By 2020, Russia’s conveyor-belt ‘trials’ on fabricated terrorism charges had been recognized internationally as a weapon, in particular, against journalists and activists from the vital Crimean Solidarity human rights movement.  Although there were other cases where men with grave health issues were illegally imprisoned, Russia seemed to have hit a new on 7 July 2020 with its arrest of blind and disabled Oleksandr Sizikov (and six other Crimean Muslims).  All of the arrests and ‘terrorism’ charges were based solely on unproven allegations of ‘involvement’ in Hizb ut-Tahrir, a peaceful, if controversial, transnational Muslim organization which is legal in Ukraine.  Russia is using a secretive and unexplained supreme court ruling from 2003 which declared Hizb ut-Tahrir ‘terrorist’ as excuse for sentencing Crimean Tatar and other Ukrainian Muslims to up to 20 years’ imprisonment.

Зліва направо: Алім Суф’янов, Олександр Сізіков і Сейран Хайредінов.
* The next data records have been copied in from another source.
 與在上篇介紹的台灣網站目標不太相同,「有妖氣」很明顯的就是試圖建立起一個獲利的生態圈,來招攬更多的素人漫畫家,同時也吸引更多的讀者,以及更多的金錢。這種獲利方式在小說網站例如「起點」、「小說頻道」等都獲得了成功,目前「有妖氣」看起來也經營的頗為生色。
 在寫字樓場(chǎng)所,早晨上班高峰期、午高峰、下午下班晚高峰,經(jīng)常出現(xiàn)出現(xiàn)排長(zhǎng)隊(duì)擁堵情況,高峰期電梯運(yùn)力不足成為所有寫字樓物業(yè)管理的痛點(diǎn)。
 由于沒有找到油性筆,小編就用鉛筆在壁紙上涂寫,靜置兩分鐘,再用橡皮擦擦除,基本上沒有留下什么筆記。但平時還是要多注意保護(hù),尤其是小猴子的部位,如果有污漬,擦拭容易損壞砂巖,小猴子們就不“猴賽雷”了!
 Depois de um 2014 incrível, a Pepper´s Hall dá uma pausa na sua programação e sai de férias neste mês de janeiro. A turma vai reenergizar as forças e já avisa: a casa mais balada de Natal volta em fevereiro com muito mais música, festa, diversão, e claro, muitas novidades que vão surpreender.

Фото оприлюднене “Кримською солідарністю”. From left Alim Sufianov, Oleksandr Sizikov and Seiran Khairedinov Photos Crimean Solidarity

From left Alim Sufianov, Oleksandr Sizikov and Seiran Khairedinov Photos Crimean Solidarity

Oleksandr Sizikov (b. 1984) was arrested with two Crimean Tatars Seiran Khairedinov (b. 1986) and Alim Sufianov (b. 1980).  Despite his disability, Sizikov had held several single-person pickets, protesting against the mounting repression in occupied Crimea, especially that against Crimean Muslims.  Khairedinov and Sufianov had also actively supported political prisoners and their families.  The two younger men have been imprisoned since 7 July 2020.  Sufianov, who was 30 when arrested, had only recently married.  Khairedinov, who is four years older, has three children: Emil; Elvina and Yasmina, who was only a year old when her father was arrested.
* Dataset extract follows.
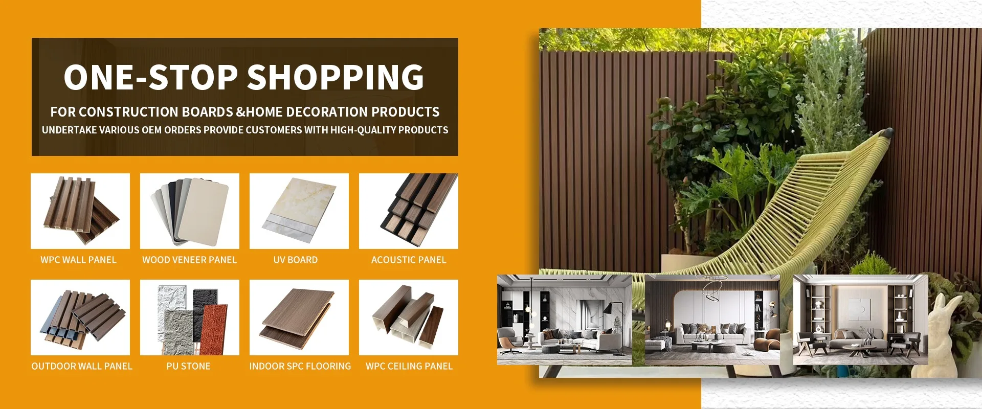 Our main products include wood veneer、 wpc wall panels、 wpc ceiling 、pu stones、spc floor、wallpaper and so on. Our products cover the whole country and are exported to countries and regions such as the Middle East and Africa.
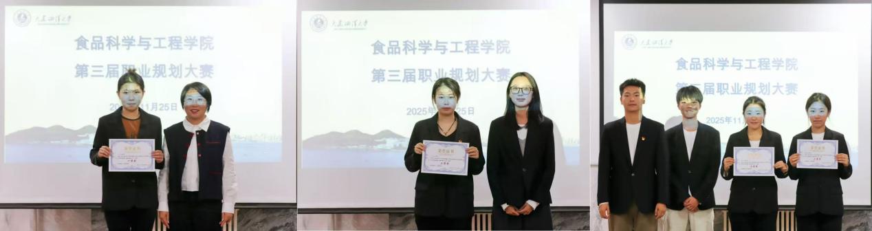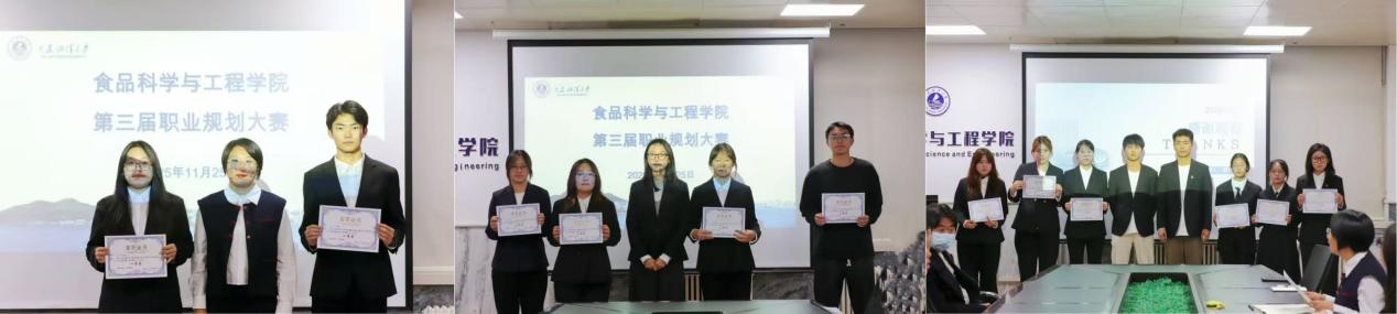 经过激烈角逐,来自食品科学与工程学院成长赛道的郭雪淞、张思雯、王艺文和就业赛道的刘骄娆、敖唯淳、佟秋阅等十余名同学分获大赛一、二、三等奖。

This case, even by Russian standards, seemed breathtakingly lawless, as the FSB designated Sizikov as ‘organizer’ of a supposed ‘Hizb ut-Tahrir group’, under Article 205.5 § 1 of Russia’s criminal code) with this carrying an effectively guaranteed sentence of 17-20 years’ maximum-security imprisonment.  Khairedinov and Sufianov were accused of the less serious ‘involvement’ in the alleged group, under Article 205.5 § 2.  In occupied Crimea, Russia now standardly also brings a further preposterous charge, under Article 278, of ‘planning to violently seize power’. In one trial, the prosecution tried to justify this truly surreal charge by claiming that the men had been planning a state coup via ‘“the total Islamization of the population”. 
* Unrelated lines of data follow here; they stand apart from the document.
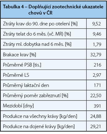 Mimo ekonomické aspekty výroby mlieka stojí za zmienku aj produkčné a reprodukčné ukazovatele chovu kráv. V rámci nášho monitoringu vybraných ukazovateľov stojí za zmienku straty kráv do 90. dňa po otelení, ktoré v roku 2019 boli v našom vzorke na úrovni 9,52% (tabuľka 4). Tento ukazovateľ je tiež jedným z efektívnych nástrojov hodnotenia zvládnutie periódy období státia na sucho u kráv. Odporúčané je evidovať straty kráv (celkové; do 50. resp. Do 90. dňa laktácie apod.) Podľa poradia laktácie, a to minimálne na úrovni prvotelek a kráv na druhé a ďalšie laktáciu. Ďalej bola sledovaná aj intenzita brakovanie kráv, ktorá bola na úrovni 32,79%. Z dát publikovaných ČMSCH (Ročenka chov dobytka v SR, 2020) vyplýva, že v roku 2019 bolo 74,6% kráv zapojených do KU odstavené zo zdravotných dôvodov, zatiaľ čo 25,4% zo zootechnických dôvodov. Podiel kráv, ktoré sú v chovoch vyraďované zo zdravotných dôvodov v posledných 10-ročný pozvoľna klesá (z 82,5% v roku 2009 na 74,6% v roku 2019), zatiaľ čo podiel kráv vyradených na základe zootechnických dôvodov narastá (z 17,5% v roku 2009 na 25,4% v roku 2019). Na tomto mieste spomeňme, že najmä prvotelky vyradené v priebehu prvej laktácie sú pre chovateľov značnou stratou, ktorú možno rozdeliť na stratu ekonomickú (náklady - odpisy) a chovateľskú (genetický pokrok, neprenesené genetického potenciálu z matky na viacerých potomkov pod.).
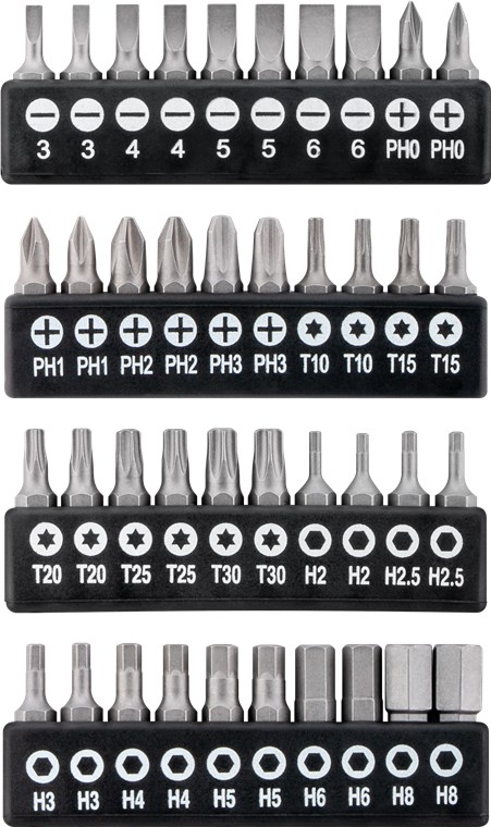 10 bitów torx: T10, T10, T15, T15, T20, T20, T25, T25, T30, T30
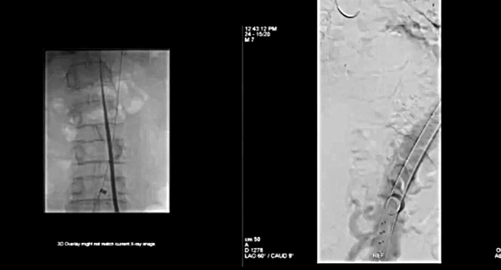 2、将导丝装入导管,如下图所示推进导丝,血管造影图上可以看到导管正在向上移动。随后使用激光在行进过程中将内膜片烧毁;
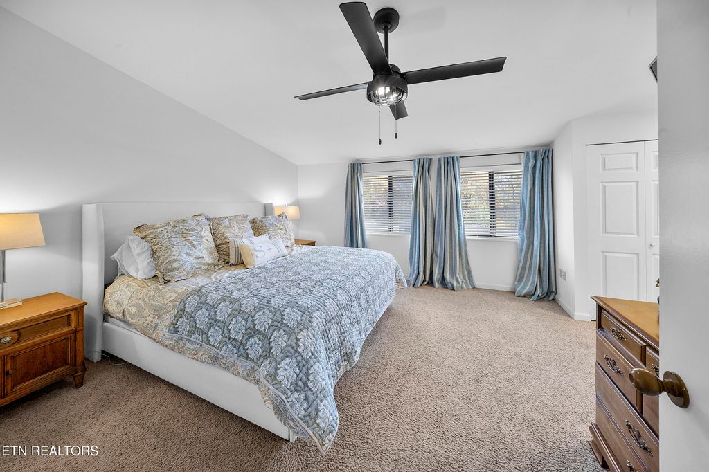 This beautifully updated condo in Cherokee Bluff offers fresh exterior upgrades with new Hardie Board siding (2023) and a new roof (2024), plus stylish interior updates throughout. Enjoy new kitchen tile flooring, stainless steel appliances, and completely renovated bathrooms with modern finishes. The main living area features wood floors, neutral paint, and plenty of natural light. A fireplace and Juliet balcony with Trex decking add warmth and charm. The kitchen connects to a cozy den with access to a private back patio, perfect for relaxing or entertaining. Upstairs, the primary suite offers a large closest and a spa-like bath with a soaking tub and tiled shower. Two additional bedrooms share an updated full bath. Located in a gated community with a pool, fitness center, clubhouse, and beautiful views, this condo is close to UT, downtown Knoxville, an all the city has to offer!

Although the charges are under Russia’s ‘terrorism legislation’, the FSB never make any pretence of looking for anything but ‘prohibited religious literature’ during their armed searches.  On most occasions, they bring such literature which they then claim to have found in places where no devout Muslim would keep religious books.  It was clear on the day of these alleged ‘searches’ that such material had been planted in Khairedinov and Sufianov’s homes.  It was only later, during the ‘trial’, that it became clear that the FSB had also planted books in Sizikov’s home – books that were not in Braille and which he could not possibly have read since the catastrophic bike accident that left him blind in 2009. 

The other ‘evidence’ in the case was just as flawed, with the same ‘secret witnesses’ used here as in numerous other political trials of men from Bakhchysarai.  Neither Sizikov’s disabilities, nor the lack of any justification for such charges against men who were not accused of any identifiable crime, made any difference to two Russian courts.  On 17 May 2023,  ‘judges’ Kirill Krivtsov (presiding), together with Alexei Magomadov and Sergei Yarosh from the Southern District Military Court in Rostov found all three men ‘guilty’ both of the charges under Article 205.5 and of the charge of ‘planning to violently seize power’. Sizikov was sentenced to 17 years, Khairedinov and Sufianov to 12 years’, with subsequent periods of 18 months and 12 months, respectively, of restricted liberty.  The sentences were for maximum-security penal institutions, with the first four years in the harshest of these, a prison.   

All of these sentences against innocent men were upheld by the Vlasikha military court of appeal on 13 September 2024.